According to a Washington Post/ABC poll on Tuesday, Mr Obama’s approval rating is at 68 per cent – the highest at this stage in office since Ronald Reagan in 1981.
A separate New York Times/CBS poll found 77 per cent of Americans were optimistic about the next four years under Mr Obama in spite of conveying pessimism about the economy and their own personal circumstances.
The polls showed narrow majorities in favour of more stimulus spending to revive the economy but also rising alarm about the size of the budget deficit, which is set to exceed $1,500bn this year.
Large majorities opposed further bail-outs of the car industry. But, by almost equally large margins, people approved of the way Mr Obama was handling the economic crisis.
“There are clearly contradictory feelings about the policies Mr Obama is pursuing,” said Carroll Doherty, associate director of the Pew Research Centre. “In essence, these numbers reflect the public’s desire for leadership coupled with confusion about the economic times we are living in.”

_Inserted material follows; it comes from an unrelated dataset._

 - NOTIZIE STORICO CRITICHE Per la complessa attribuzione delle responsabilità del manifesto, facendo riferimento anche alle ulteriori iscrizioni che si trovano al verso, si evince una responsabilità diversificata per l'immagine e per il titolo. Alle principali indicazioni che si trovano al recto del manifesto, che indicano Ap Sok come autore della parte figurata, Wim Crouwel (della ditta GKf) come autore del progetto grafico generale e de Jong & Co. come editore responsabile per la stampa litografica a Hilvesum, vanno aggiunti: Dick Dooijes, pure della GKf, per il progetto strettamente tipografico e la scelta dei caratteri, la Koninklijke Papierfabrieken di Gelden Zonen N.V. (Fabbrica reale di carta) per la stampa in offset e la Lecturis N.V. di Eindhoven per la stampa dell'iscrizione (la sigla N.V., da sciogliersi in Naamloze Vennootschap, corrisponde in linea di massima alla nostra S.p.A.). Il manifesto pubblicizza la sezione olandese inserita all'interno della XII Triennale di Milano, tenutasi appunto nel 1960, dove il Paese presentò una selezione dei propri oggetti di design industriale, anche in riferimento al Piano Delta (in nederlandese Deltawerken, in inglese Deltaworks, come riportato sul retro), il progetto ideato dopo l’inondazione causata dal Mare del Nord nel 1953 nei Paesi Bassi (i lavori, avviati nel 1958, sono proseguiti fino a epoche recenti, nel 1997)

Perhaps more troubling for Mr Obama was the divergence between Democratic and Republican voters, who appeared for a brief spell to be united in their hopes for a “post-partisan” era of national politics. That sentiment is dissolving rapidly.
In some respects this plays into Mr Obama’s hands – 61 per cent approve of his handling of the crisis, against just 38 per cent for the performance of Republicans, according to the Post.

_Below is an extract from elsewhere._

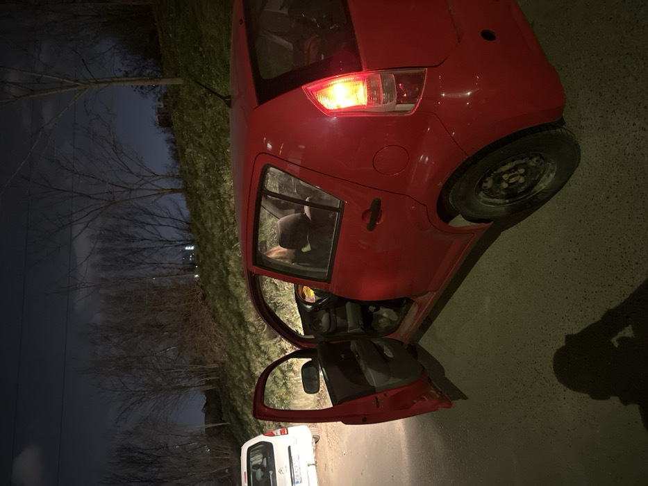 The image depicts an outdoor scene at night, located on an unidentifiable roadside area within Sofia, Bulgaria, despite a visible license plate on a background vehicle indicating the Gabrovo region. In the foreground, a red compact hatchback car is parked on the right side of a paved asphalt surface. The front driver's side door of the red car is wide open, exposing the dark gray interior, including the steering wheel, dashboard, and the driver's seat. A person with light brown or blonde hair is partially visible occupying the front passenger seat. The car's left rear brake light is illuminated. The vehicle is equipped with black steel wheels and a rear roof-mounted antenna. A photographer's shadow, holding a handheld device, is cast onto the pavement in the lower left foreground. Further back and slightly to the left of the red car, a white van or utility vehicle is parked on a dirt shoulder. Its rear is visible, displaying a Bulgarian license plate with the registration "EB 8218." The background features a rising grassy embankment covered with numerous bare deciduous trees, suggesting a late autumn or winter setting. Faint, distant artificial lights are visible on the horizon, indicating the presence of a populated area beyond the trees. The sky above is dark with visible cloud cover. The scene is illuminated by artificial light sources, possibly streetlights or vehicle lights, casting defined shadows.
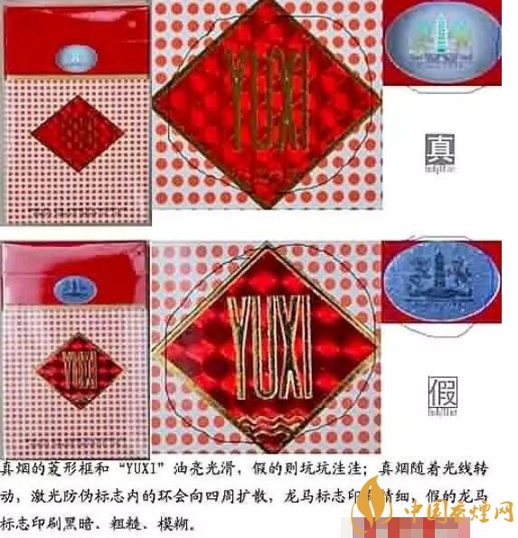 2.外包装上的“YUXI”标识,真的玉溪烟该标识从不同角度观察,呈现出不同的图形,且几何图形完整,边缘规则整齐;反之则为假烟。

But Republican voters are increasingly hostile. The president this week blamed “cable [television] chatter” for some of the scepticism towards his economic plans. But a recent Pew poll found that 47 per cent of Republicans believed Mr Obama’s national security policies had made a terrorist attack on the US more likely.
At the same time, support for Mr Obama’s leadership has grown among independent voters – the usual arbiters of election outcomes and the group for whom bipartisanship matters most. According to the most recent Gallup poll, 34 per cent of US voters describe themselves as independents.
“Every time Obama reaches out his hand to Republicans and they bite it, he wins among independents,” says Charlie Cook, author of the Cook Political Report. “The White House is playing the situation skilfully. It has made operational mistakes ... but it hasn’t yet made any big strategic blunders.
“The question is whether his reach is longer than his grasp.”